The Limits Of Human Design

December 28, 2010 As the final remains of the year 2010 passes into a new year, it feels a fitting time to reflect a little deeper upon our existence, and the ongoing human journey of survival.

Kids Viewing Their Technology Devices

What comes over a man, is it soul or mind—
That to no limits and bounds he can stay confined?
You would say his ambition was to extend the reach
Clear to the Arctic of every living kind.
Why is his nature forever so hard to teach . . .

There are roughly zones whose laws must be obeyed.

from “There Are Roughly Zones,” Robert Frost, 1936

In The Zone, an article written in Vision, a website that describes its goal:“…to give our readers a deeper understanding of the causes of problems with which humanity wrestles,” and does so, stating, “without seeking to proselytize”, but using the Bible as a source of wisdom, and moral perspective.

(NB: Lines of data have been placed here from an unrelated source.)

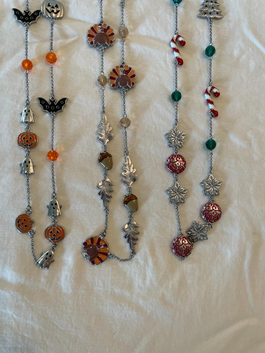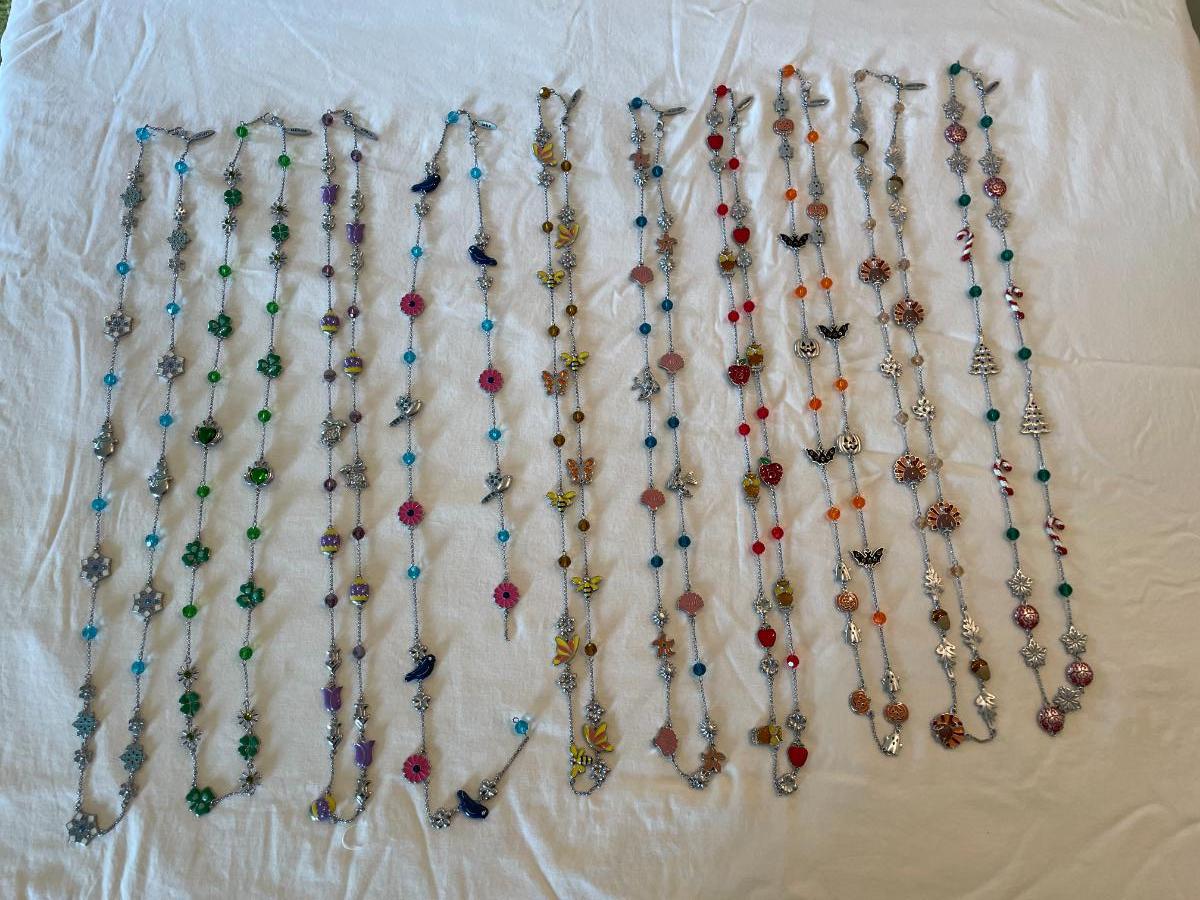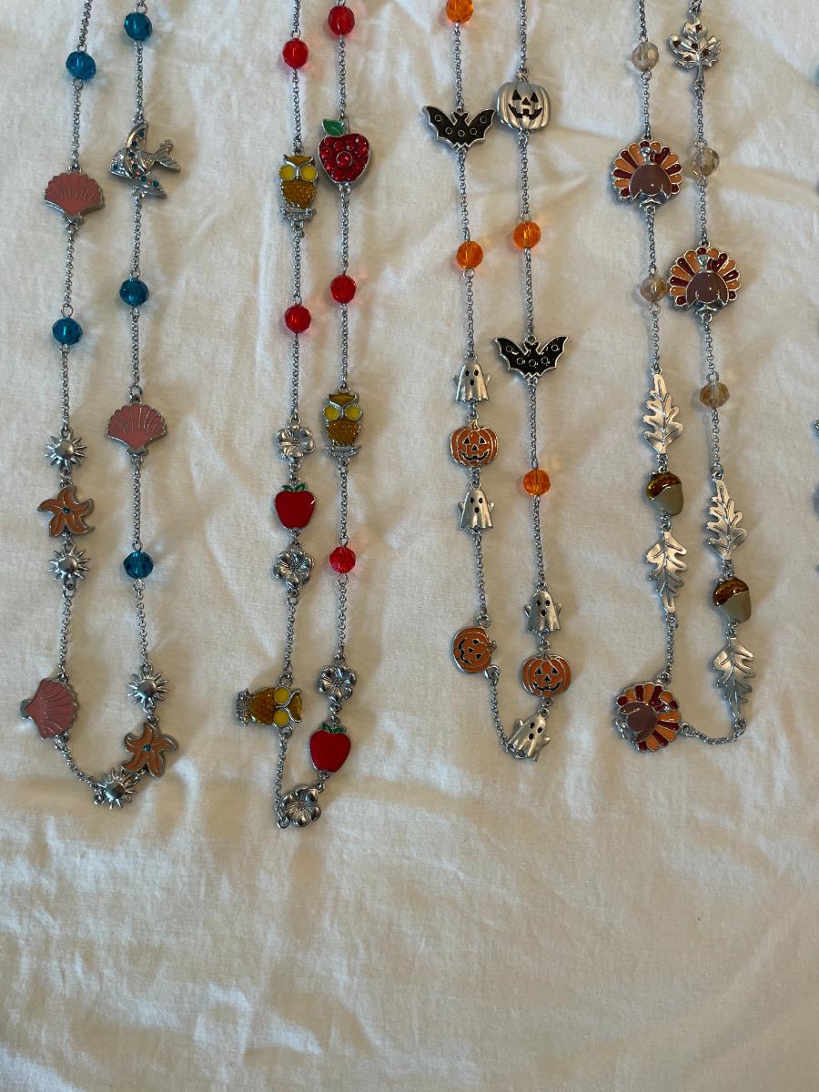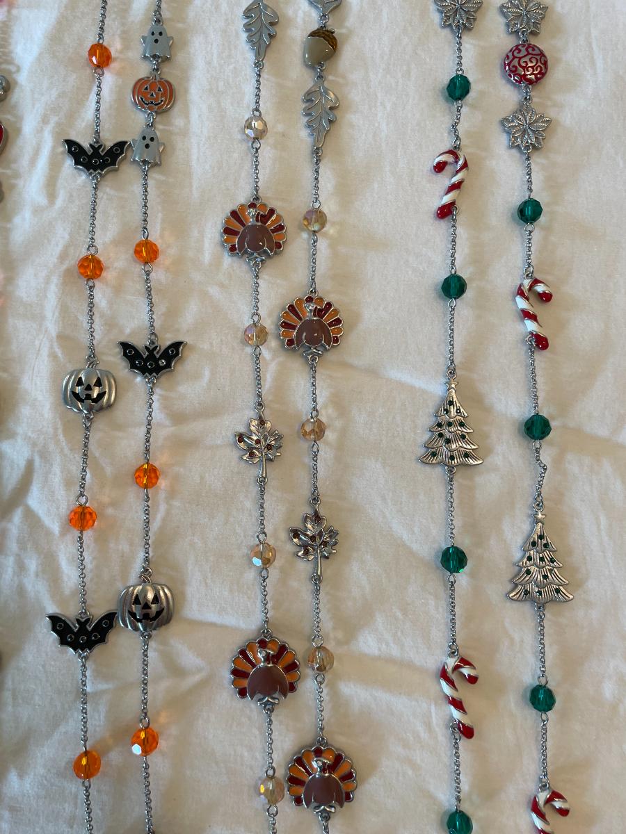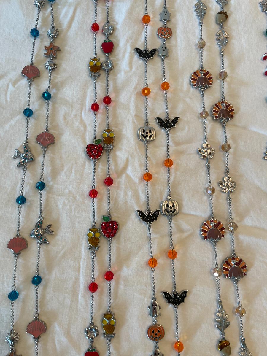 A diverse collection of themed and seasonal necklace chains featuring a variety of charms and beads. Themes include seasonal elements such as Halloween, Christmas, and springtime, with charms such as pumpkins, bats, Christmas trees, candy canes, flowers, butterflies, and more. The chains are accented with decorative beads in various colors and metallic charm elements. Each necklace includes a clasp with a small charm tag, indicating its month. The lot includes several unique pieces, perfect for festive or thematic wear. One shows a broken chain link.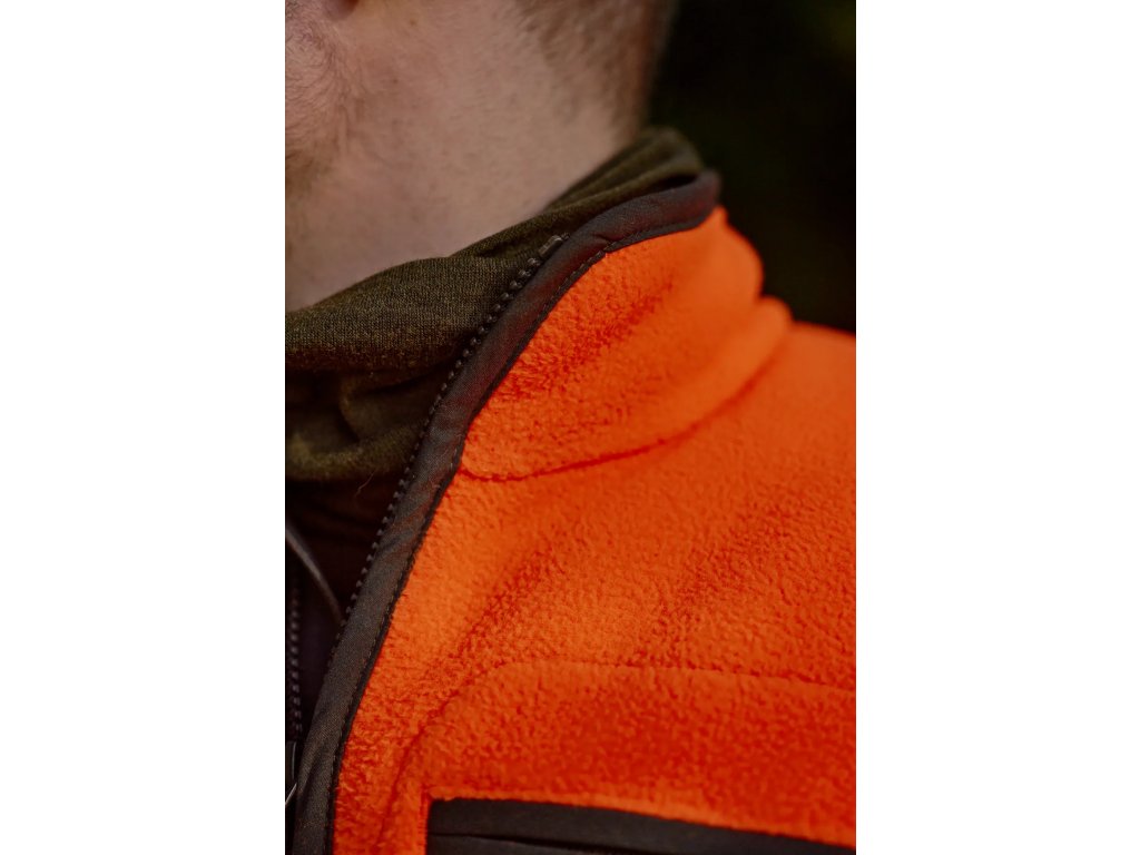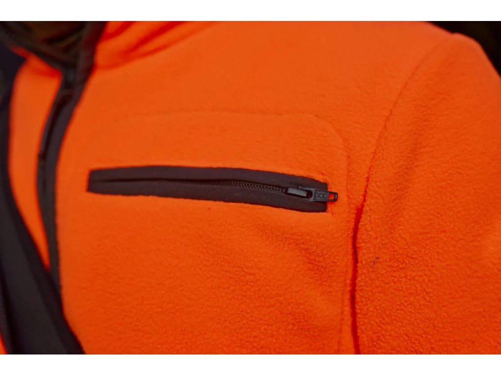 Flísová bunda Wildboar Pro Blaze: Vysoko reflexná flísová bunda s certifikátom OOP/CE. Vyrobená z vysoko elastického, husto pleteného materiálu pre odolnosť voči vetru a tichý chod. Obsahuje elastické panely a viacero vreciek. Navrhnutá pre bezpečnosť a výkon počas poľovačky.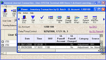 Once an ITR transaction has been passed off to general ledger, you can "drill down" from a G/L entry to the ITR transaction that makes up that entry. For example, if the G/L entry was created from a shrinkage record in ITR, you can click the Drill button in either the General Journal Transactions (GGMU) window or from the General Ledger Detail (GINQ) window to drill down to the ITR record that makes up the shrinkage amount.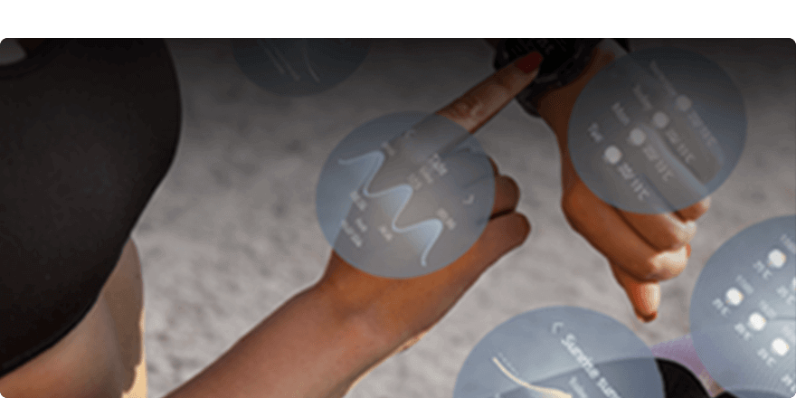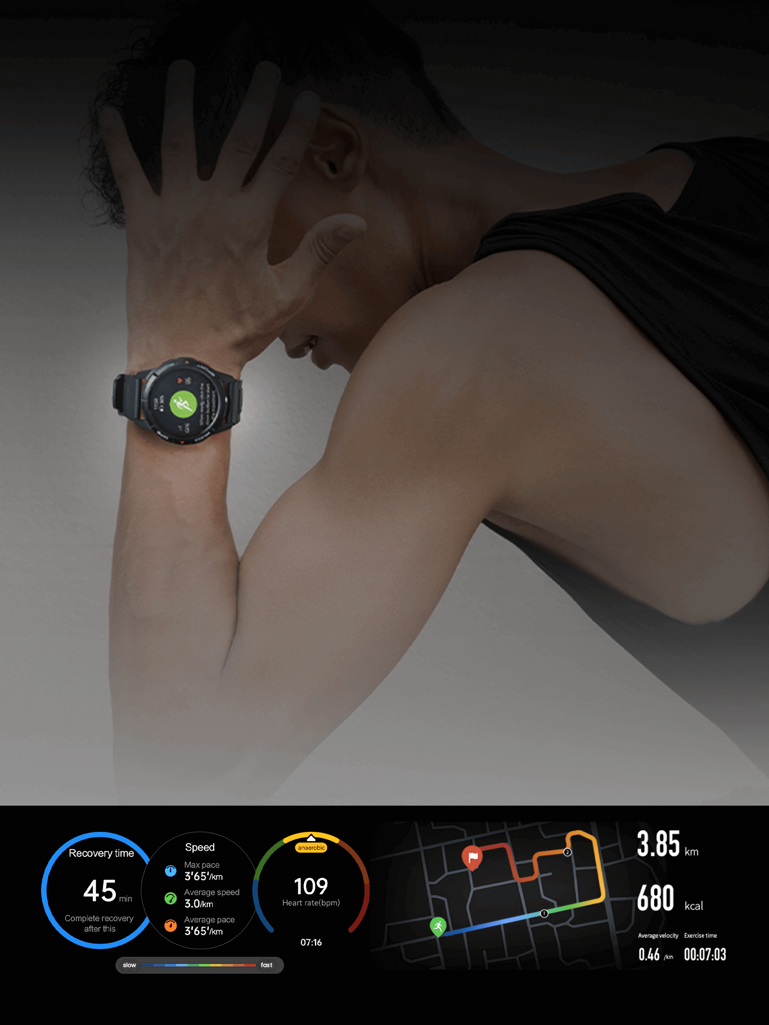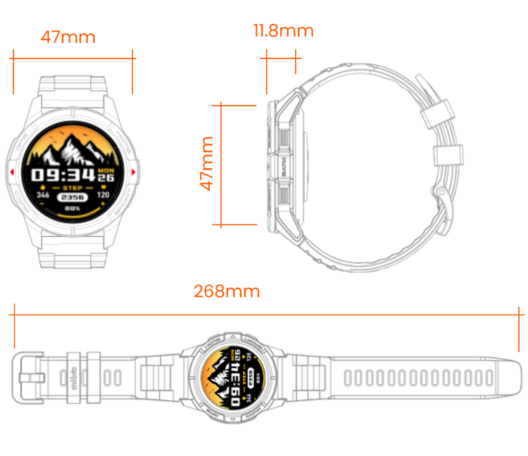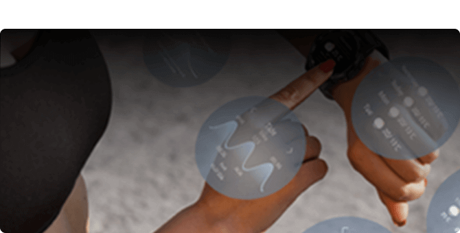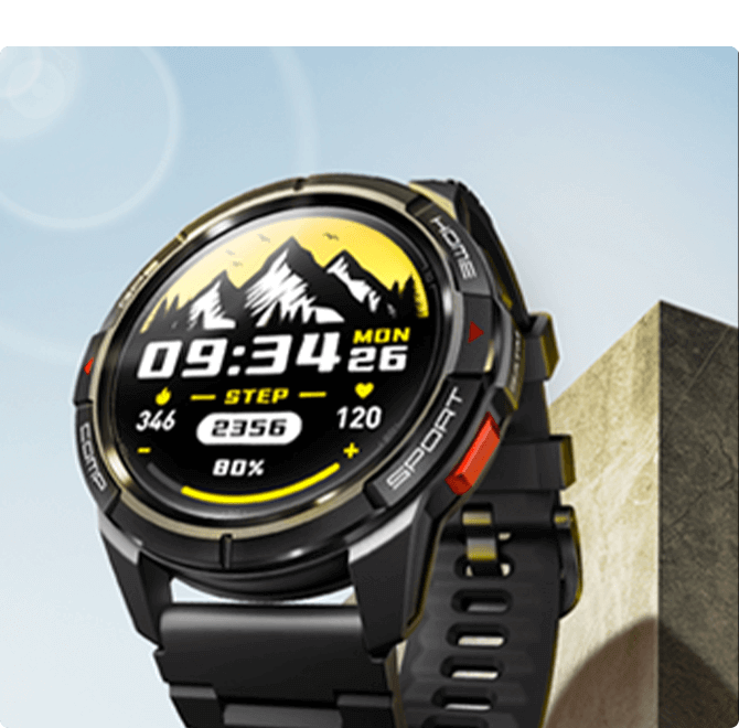 1000nit AMOLED-Display, bei Sonnenlicht gut sichtbar. Greife auf Benachrichtigungen, Gesundheitstools, Telefonfinder und mehr zu – alles in einem.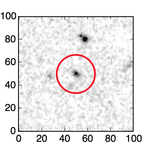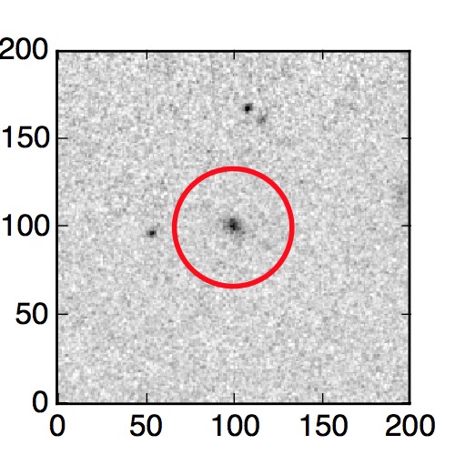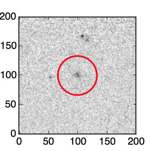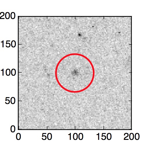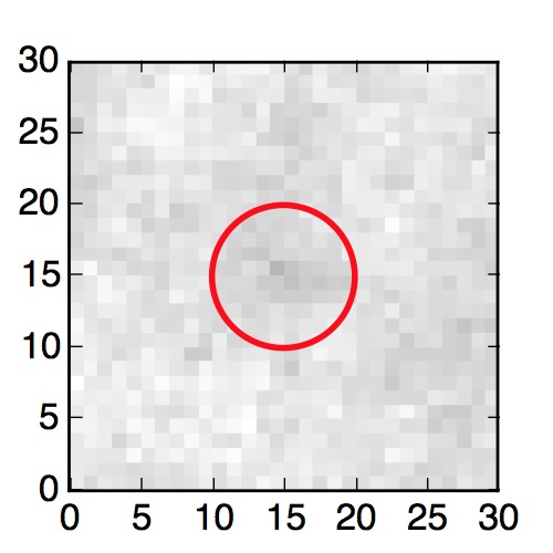 The red circle in the various panels is 1" in radius. The images are 6"x6".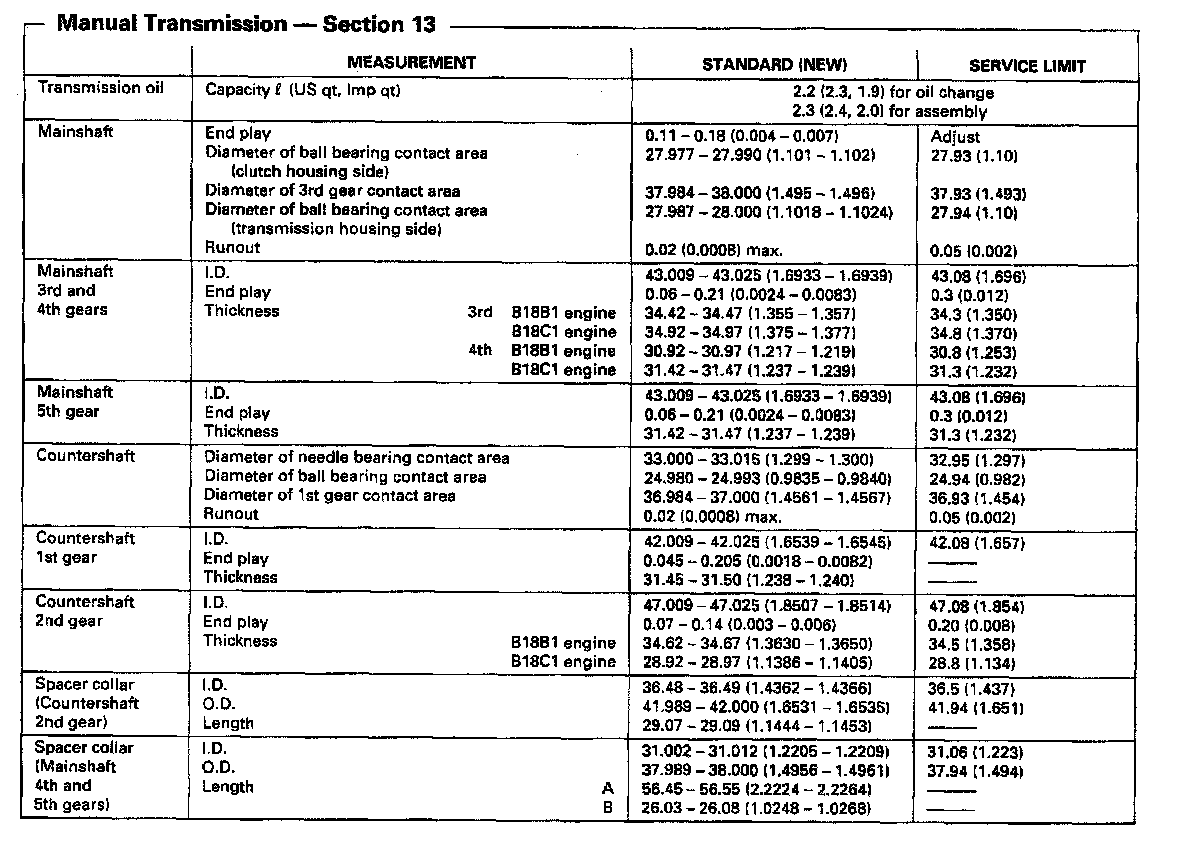 S80 5-spd M/T, Mainshaft/Countershaft Measurements:

In this essay, the question goes underneath the surface of technology itself, whether applied to genetic engineering (now considered an older, new technology), or the new field of “synthetic biology”, where a bacterium was created by scientists in a lab, the question of how man pursues the use of new technologies— to what end, and to serve what purpose? Should the use of new technologies (by definition, whose implications are not well understood) have limits imposed upon it, or allowed to remain largely self-regulated by the scientific community, and the individual scientists directly involved with their own experiments?

The constraints that nature imposes on life itself, should any, or all, be treated as sacrosanct, or merely as obstacles to overcome on the highway of human destiny?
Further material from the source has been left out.